The housing bubble of 2008 delayed construction of new buildings, but developers are now taking on East Riverside projects, said Malcolm Yeatts, who represented East Riverside with Goff during EROC’s creation.
“There were a lot of affordable buildings that got torn down and then the real estate bust happened, creating lot of vacant land in Riverside,” Yeatts said. “Since the economy has recovered, yes, that construction has started again.”
Yeatts said ongoing development is now concentrated close to I-35, and he is not sure if it would affect student housing prices.
“Generally there’s a trend with higher-density zoning where there’s a whole lot more units in the area, but they aren’t going to be in the price range that most students are going to consider affordable,” Yeatts said.
“Right now it’s further away from the solidly built student housing [that is] closer to Pleasant Valley Drive.”
“THE HAND They Are Dealt”
Jesus Guevara, an associate academic adviser in the School of Undergraduate Studies, lived in East Riverside for four years as an undergraduate from 2005 to 2009 and now advises many students who commute from the neighborhood.

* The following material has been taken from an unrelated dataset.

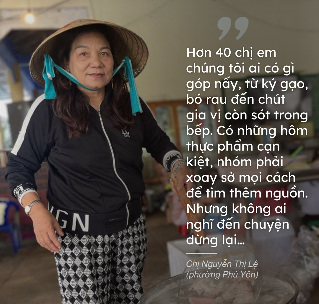Không chỉ ở phường Phú Yên, những bếp ăn yêu thương cũng đồng loạt sáng lên ở các xã, phường Phú Mỡ, Sơn Thành, Bình Kiến, Tuy Hòa… Tại thôn Kỳ Lộ, dù còn nhiều thiếu thốn sau bão số 13, các má, các chị vẫn nấu 500 phần cơm gửi đến Long Hòa, Tân Bình, Tân Long của xã Đồng Xuân. Ở Sơn Thành, hàng chục bếp ăn của người dân, hội phụ nữ xã đã được hình thành và duy trì nhiều ngày liền sau lũ.

Guevara said he has seen the new buildings rising in West Campus and has heard students worry about being “pushed out.”
“Students are starting to see these new buildings go up and know they are going to be gentrified,” Guevara said. “Down the road, they worry that management is going to raise their prices when other expensive buildings come in.”
The high cost of housing in other parts of Austin has long resulted in problems of another sort for East Riverside residents with limited options because of limited income, Guevara said.
“It feels almost like Riverside apartments know their students have nowhere else to go, and management is pretty bad as a result,” Guevara said. “I’ve had my own issues with stuff not getting done on time, lost checks and all those kind of issues. Riverside complexes know they don’t have to fix this, so bad things happen to the students again because they have to deal the hand they are dealt.”
Latin American studies senior Yadira Ramos Luna, a Hispanic member of the Latino Leadership Council, said she has experienced management problems at her apartment in East Riverside.
“When me and my roommates moved into our apartment, it was infested with fleas,” Luna said. “We had to go together to the management office every day for a week and a half before they agreed to change the carpet and clean the sofa.”
Luna said the complex also lost her checks and billed her multiple times with late fees when she had paid the rent on time.
“People ask me why I don’t change to other places, and I tell them it’s all the same wherever you go,” Luna said. “My roommate tells me that at University Estates, it’s much worse. I only pay $400 for an apartment, so I can’t say much, and I can’t go and pay for a luxury place in West Campus or somewhere else.”
Gavin Short, property manager at University Estates, said he believed there was no difference in service quality between complexes in Riverside and West Campus. The complex is one of the largest in the area.
“There are communities in both markets geared toward various price points and offering various amenities,” Short said. “It may be true that there are communities in either location that are better at operating the communities than others, but that would have more to do with the management companies, site staff, ownership, etc. rather than the physical address of the property.”
The Austin Planning Commission, a program of Austin City Council, is deliberating a plan similar to EROC that would apply to neighborhoods even farther east. City officials said they don’t know where students and low-income families will go if prices in more parts of East Austin spike.